In this work, we consider a modeling approach for multi-level clustered data where conditional distributions at the lowest level of clustering are viewed as finite mixtures of a priori known number of normal components and the interest is in analysis of subpopulations/components. Such data are common in studies that involve nano-measures of various biological structures, when moderate number of animals is used, but a large number of observations per animal is collected in clusters that correspond to microscopic fields. The proposed framework allows flexible modeling of means and standard deviations of subpopulations as functions of fixed and random effects. Models with conditional finite normal mixtures have been considered before [19][22], but not with both means and variances of normal components depending on fixed and random effects.

The adapted two-stage estimation approach provides high flexibility in selecting estimation methods in each stage independently. In this work, maximum likelihood was used in the second stage, while robust alternatives were utilized in the first stage. Robust estimation in stage 1 alleviates the problem with high sensitivity to potential outliers, which is known for maximum likelihood estimation of the finite normal mixtures. In addition, such robust estimation makes the model useful when distributions of mixture components may exhibit moderate departures from the normal distribution other than outliers. However, the two-stage approach is suitable only for the data with sufficiently large number of observations at the lowest level of clustering.

We considered the number of components in each conditional distribution mixture to be known a priori from the context of the applied problem. When this is not the case, the problem of determining the number of components is known to be difficult. Using robust approach to modeling a finite mixture adds additional challenge since the same observations may be viewed as either outliers or as a legitimate component in the mixture. To our best knowledge, the choice of the number of components for robust modeling of finite mixtures has not yet been addressed even for a one simple random sample problem. In the context of hierarchical data like ours, the unknown number of components may potentially vary between conditional distributions. This adds yet another level of complexity, which is beyond the scope of this paper. Therefore, the problem of determining the number of components will be addressed in further research.

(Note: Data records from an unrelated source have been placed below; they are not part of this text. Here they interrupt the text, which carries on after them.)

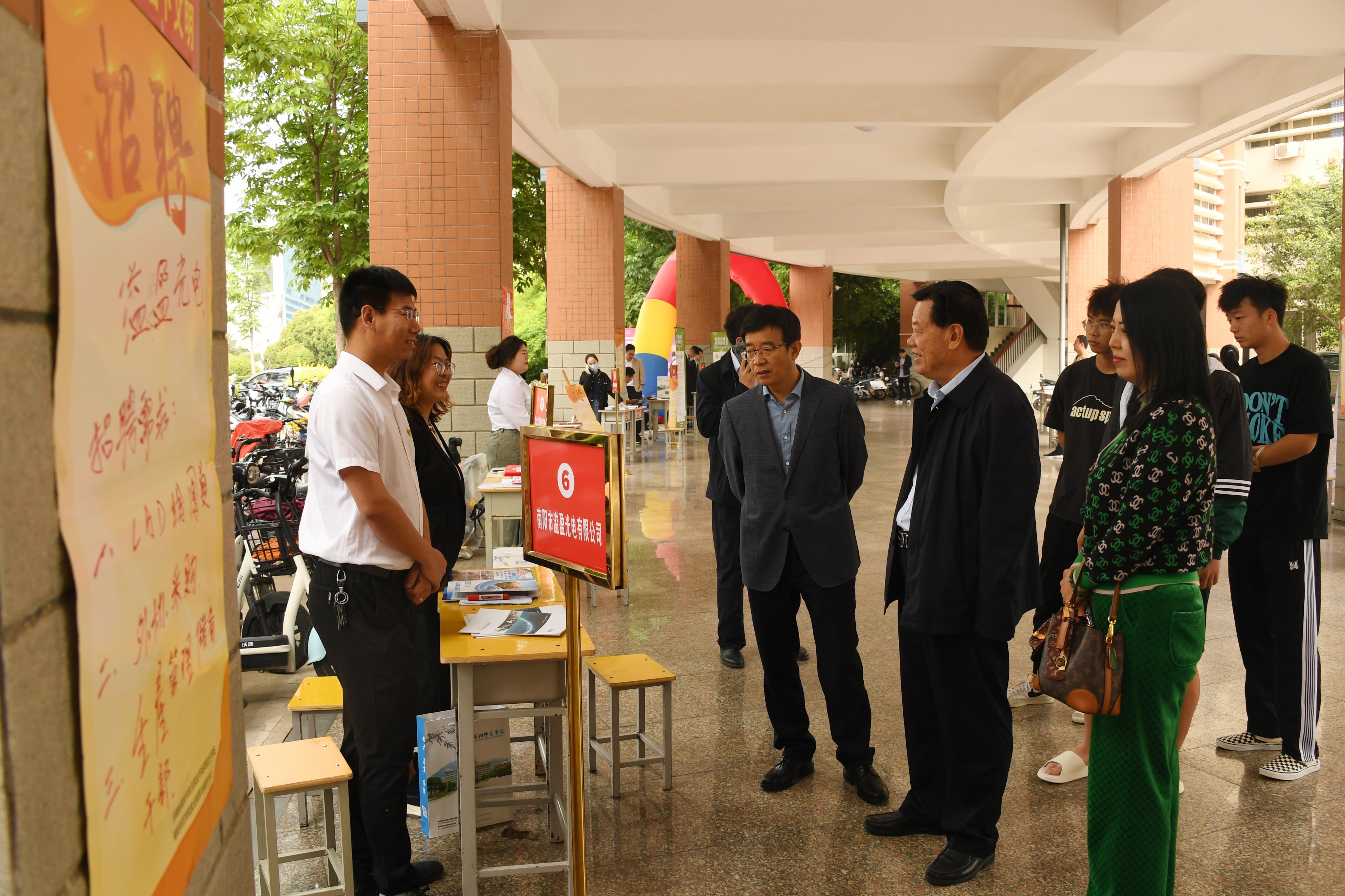 在艺术楼一楼连廊同步举行供需双选活动。牧原食品股份有限公司、南阳宛友信息技术有限公司等10家企业提供就业岗位200余个。张宝锋、谢冰松与参会单位代表恳切交谈,详细了解企业招聘需求、薪资待遇等情况,并推介2023届毕业生。(编审 时树菁)
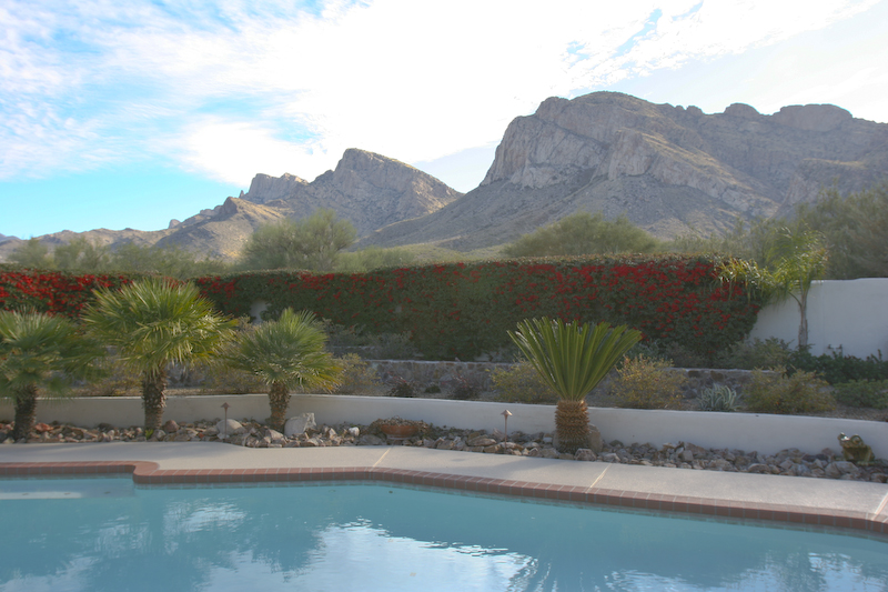 A view of the pool and the Pusch Ridge of the Santa Catalina Mountains from the backyard.
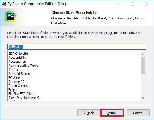 - 시작 메뉴 폴더 구성을 선택하고 Install 버튼을 클릭합니다.
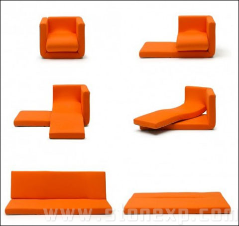 這一款組合家具,它可以根據(jù)需要變?yōu)橐粋€單人沙發(fā),或是一個雙人床。這樣的家具對于空間比較小的家庭是個不錯的選擇。
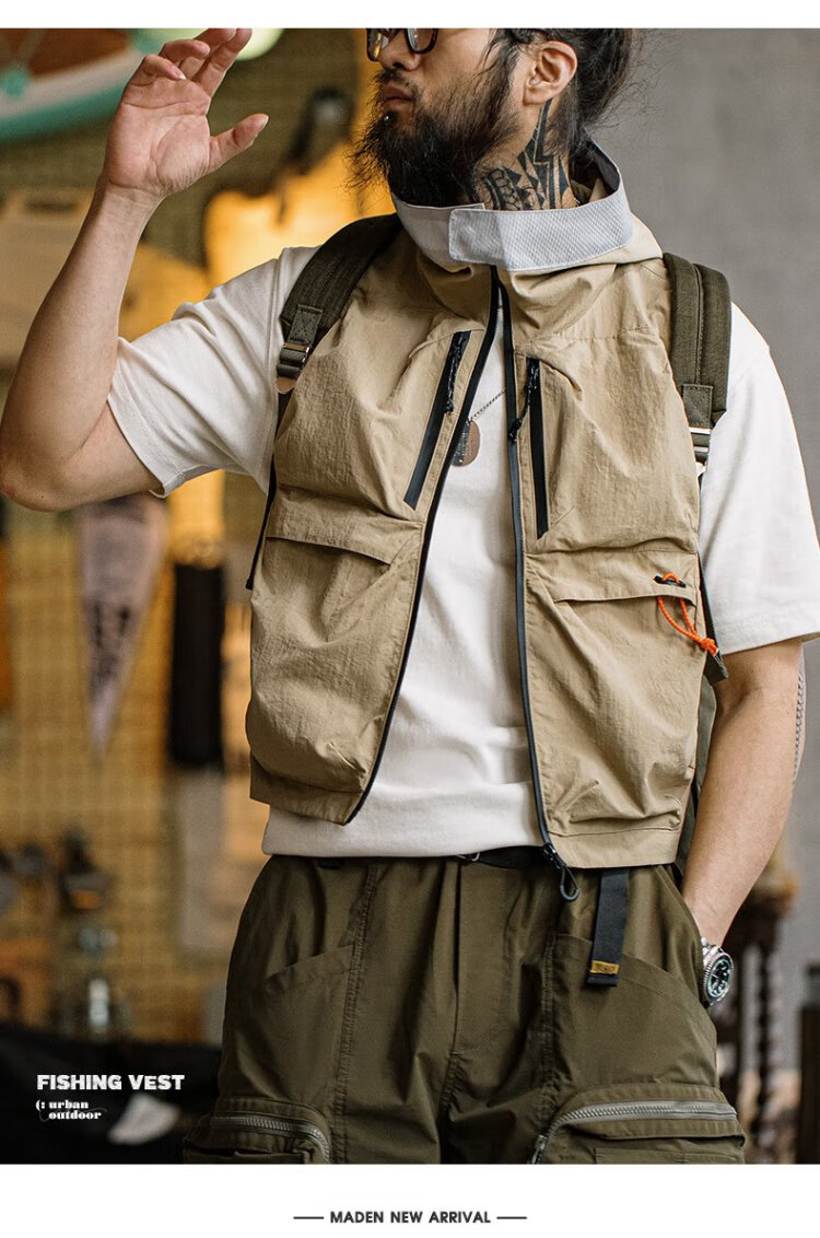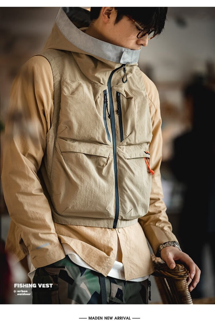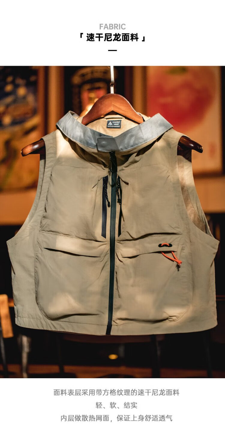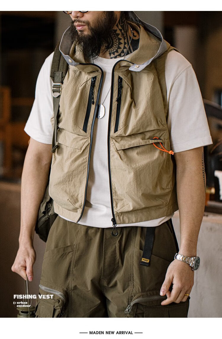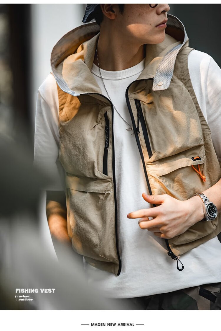 Madden Workwear Multi-pocket Hooded Vest Men's Jacket Sleeveless Outdoor Functional Wind Stacked Vest Vest Fishing Suit Khaki M
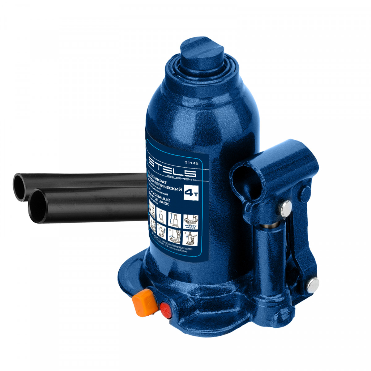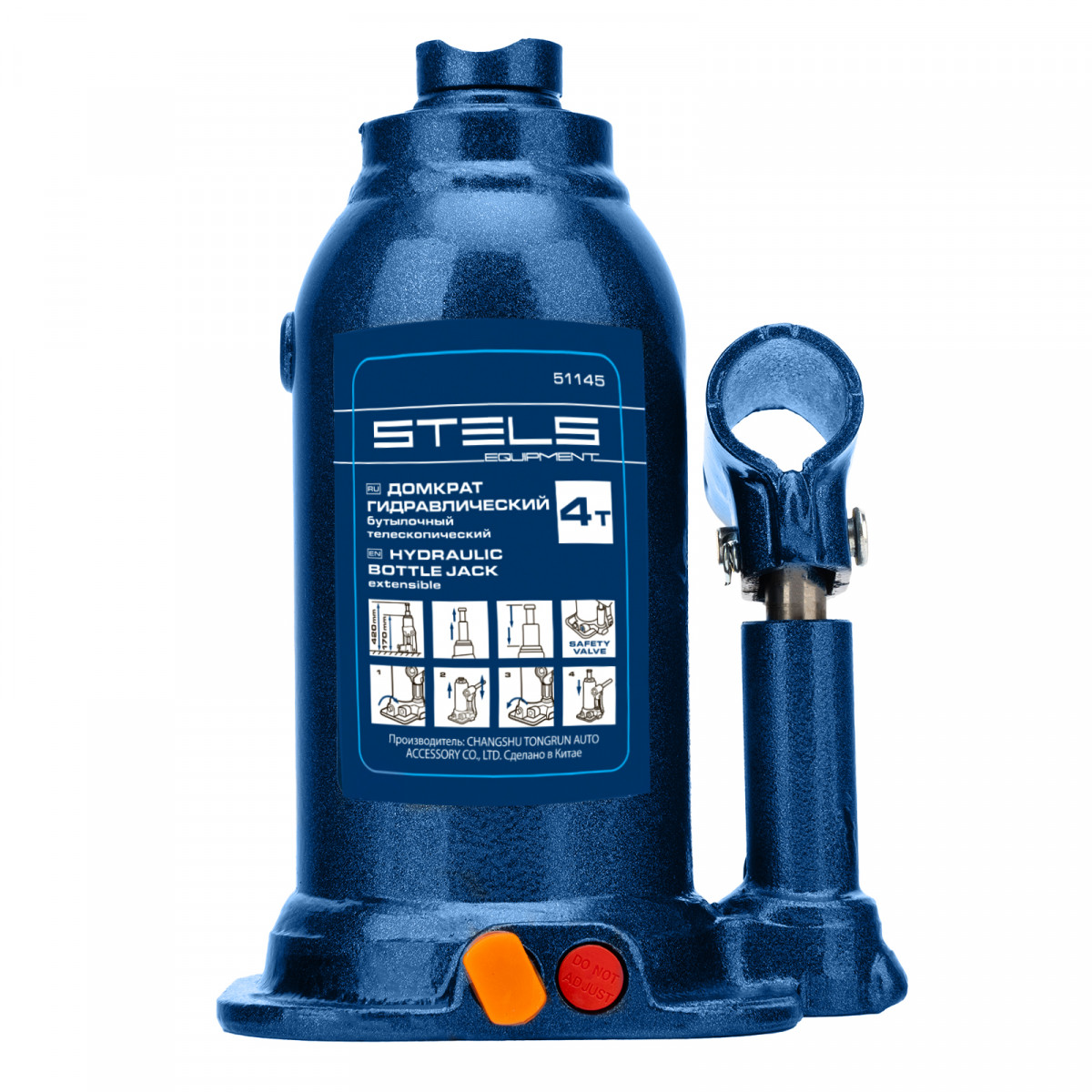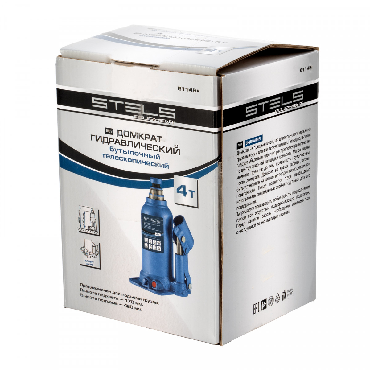 Гидравлический бутылочный телескопический домкрат Stels 51145 используется для поднятия грузов весом до 4 т с на высоту 170-420 мм. Не требует больших усилий и оптимален для автомобилей с большим клиренсом. Домкрат можно использовать в гараже для самостоятельного ремонта машины или в автосервисе для решения профессиональных задач.
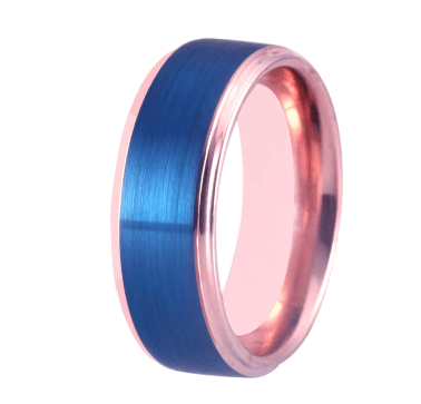 Tungsten Blue and Rose Gold Couple Wedding Engagement Ring

In this work, we used robust methods only in stage 1, where outliers and some violations of model assumptions were expected. Meanwhile, normal distribution assumptions were appropriate for the stage 2 model. When necessary, it is straightforward to extend the two-stage approach to incorporate robust estimation of the stage 2 model, similar in spirit to the work of [23]. Furthermore, the two-stage approach allows extensions incorporating a non-linear or semiparametric mixed effects model as a stage 2 model.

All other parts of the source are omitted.